## Dataset excerpt
== Segment start ==

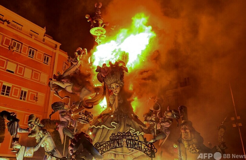 【3月20日 AFP】スペイン・バレンシア(Valencia)で開かれていた恒例の火祭り「ファリャス(Las Fallas)」が19日、最終日を迎え、祭りのために作られた張り子の人形「ニノット(Ninot)」や、ニノットで飾られた山車「ファリャ」が燃やされた。
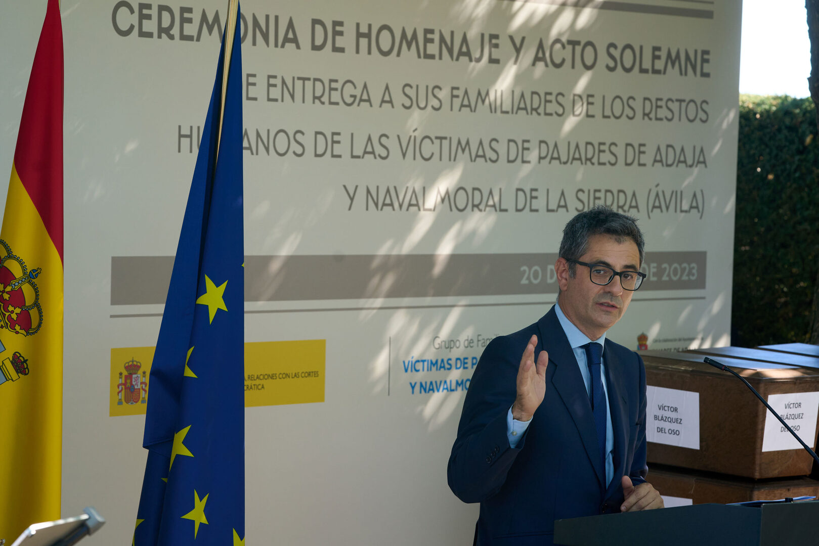 El ministro en funciones de la Presidencia, Relaciones con las Cortes y Memoria Democrática, Félix Bolaños, ha dicho este domingo, en un acto con víctimas de la Guerra Civil y el franquismo de Pajares de Adaja y Navalmoral de la Sierra (Ávila), que es "ridículo" el "empeño" del líder del PP, Alberto Núñez Feijóo, de ir a una investidura que "tanto va a recordar" a la última moción de censura presentada por Vox, con Ramón Tamames como candidato.
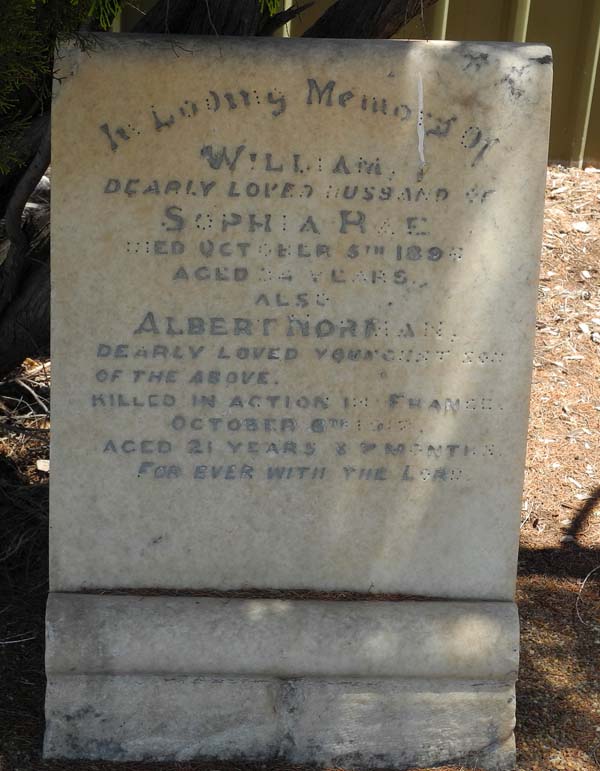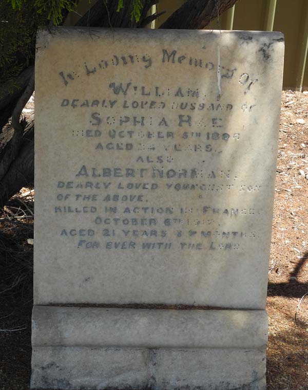 | RAE | Albert Norman | photo | 1917-10-6 | 21 y 7 m | youngest son of Sophia Rose & William. Killed In action |

== Segment end ==

## Instructions to follow
Write out exactly the lines from the one that contains "El ministro en" through the last line of the data above, both included. Leave every picture out.

## Answer area
 El ministro en funciones de la Presidencia, Relaciones con las Cortes y Memoria Democrática, Félix Bolaños, ha dicho este domingo, en un acto con víctimas de la Guerra Civil y el franquismo de Pajares de Adaja y Navalmoral de la Sierra (Ávila), que es "ridículo" el "empeño" del líder del PP, Alberto Núñez Feijóo, de ir a una investidura que "tanto va a recordar" a la última moción de censura presentada por Vox, con Ramón Tamames como candidato.
 | RAE | Albert Norman | photo | 1917-10-6 | 21 y 7 m | youngest son of Sophia Rose & William. Killed In action |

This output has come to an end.